# Fliegenfischen bei Hochwasser



## Seele (19. August 2010)

Wie haltet ihr es bei Hochwasser. Ruht eure Ausrüstung oder begebt ihr euch in die braunen Fluten, nach dem Motto nur ein Köder im Wasser kann Fische fangen???


----------



## Hc-Meista (19. August 2010)

*AW: Fliegenfischen bei Hochwasser*

also ich war die letzten tage trotzdem angeln und habe auch ein paar fische überlisten können...sowohl mit nymphe als auch mit trockenfliege und streamer!"

mfg und petri


----------



## gezz (20. August 2010)

*AW: Fliegenfischen bei Hochwasser*

Hallo,

ich lasse mich prinzipiell auch nicht von einem hohen Wasserstand abhalten. Es gibt auch dafür Techniken die Erfolge bringen - wenn auch nicht so gute wie bei Normalwasser. 
Ich habe schon viele schöne Stunden unter der Kaputze im strömenden Regen am Wasser verbracht.
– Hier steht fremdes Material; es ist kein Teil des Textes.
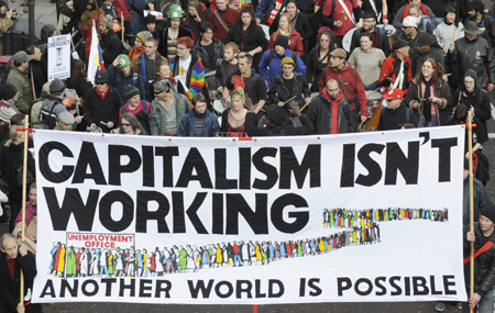 28日,超過150個(gè)社會(huì)團(tuán)體在倫敦聯(lián)合舉行大規(guī)模游行,呼吁即將在倫敦舉行的二十國(guó)集團(tuán)倫敦金融峰會(huì)著重應(yīng)對(duì)金融危機(jī)對(duì)普通人造成的影響,并表達(dá)對(duì)貧困、就業(yè)和氣候現(xiàn)狀的不滿。新華社/路透 | 距二十國(guó)集團(tuán)(G20)領(lǐng)導(dǎo)人會(huì)議召開尚有幾天,一份由東道國(guó)英國(guó)起草、涉及2萬億美元全球性財(cái)政刺激方案的會(huì)議公報(bào)草案由德國(guó)媒體提前泄露。 不少人懷疑,這可能是對(duì)英國(guó)主張持反對(duì)意見的德國(guó)政府內(nèi)部人士所為。

Will ich nicht missen!

Viele Grüß
Alex


----------



## Sneep (20. August 2010)

*AW: Fliegenfischen bei Hochwasser*

Hallo,

Fischen bei Hochwasser kann überaus erfolgreich sein. 

Vor allem bei längeren Hochwässern sammeln sich große Gruppen von Fischen an Bachmündungen usw. wo sie Schutz vor der Strömung finden. 

Hohes Wasser heißt aber fast immer auch trübes Wasser.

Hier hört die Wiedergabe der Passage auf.